In the copy, include exactly the lines from the one with "سبحة فضة حجر لابرادوريت بقصة الاماس" through the end of the data and no others, both ends kept, with every picture left out.

* _Source data_:
★ ★ ★ ★ ★
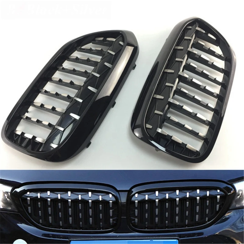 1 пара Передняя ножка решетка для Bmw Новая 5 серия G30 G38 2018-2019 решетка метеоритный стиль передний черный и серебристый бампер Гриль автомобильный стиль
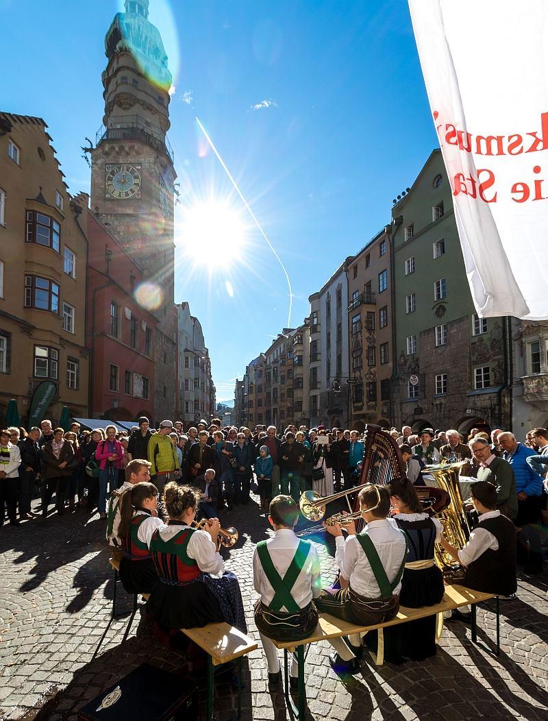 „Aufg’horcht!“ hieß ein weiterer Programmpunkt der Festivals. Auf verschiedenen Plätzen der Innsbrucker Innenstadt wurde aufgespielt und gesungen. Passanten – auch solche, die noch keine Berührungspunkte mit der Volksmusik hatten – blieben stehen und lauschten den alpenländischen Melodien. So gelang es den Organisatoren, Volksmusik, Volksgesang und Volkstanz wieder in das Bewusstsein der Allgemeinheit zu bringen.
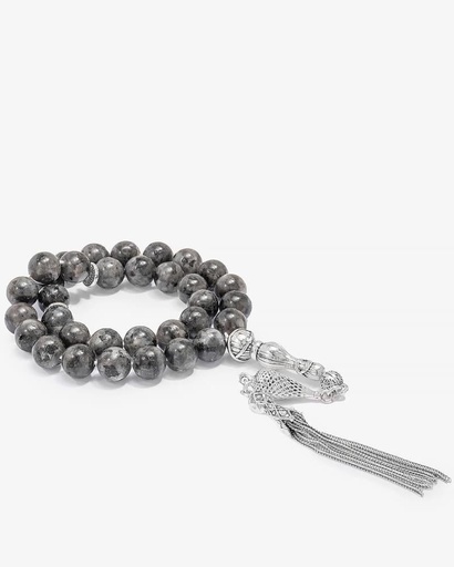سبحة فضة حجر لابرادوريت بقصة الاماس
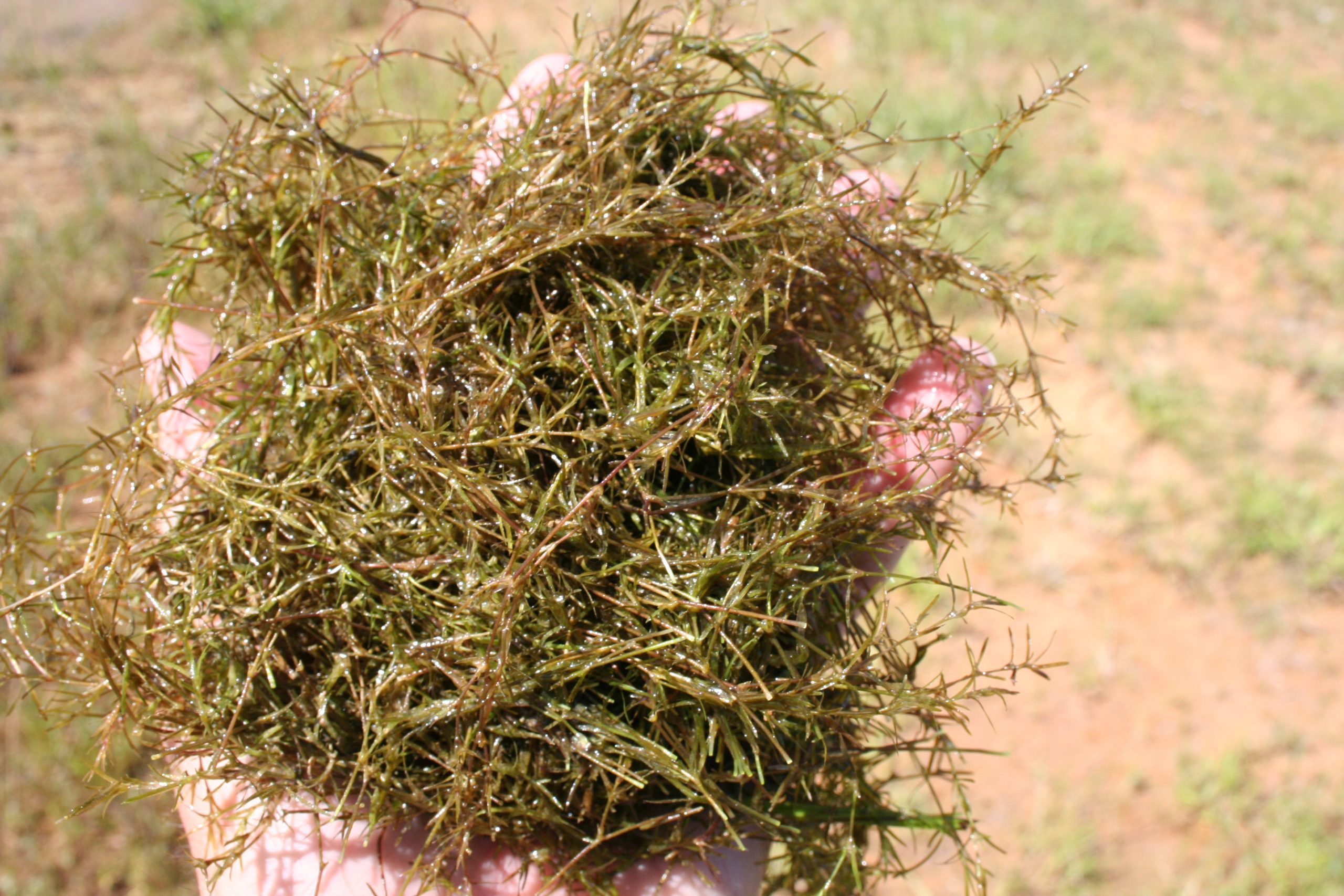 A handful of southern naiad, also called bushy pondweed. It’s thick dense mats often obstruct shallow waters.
★ ★ ★ ★ ★
* _Response area_:
سبحة فضة حجر لابرادوريت بقصة الاماس
 A handful of southern naiad, also called bushy pondweed. It’s thick dense mats often obstruct shallow waters.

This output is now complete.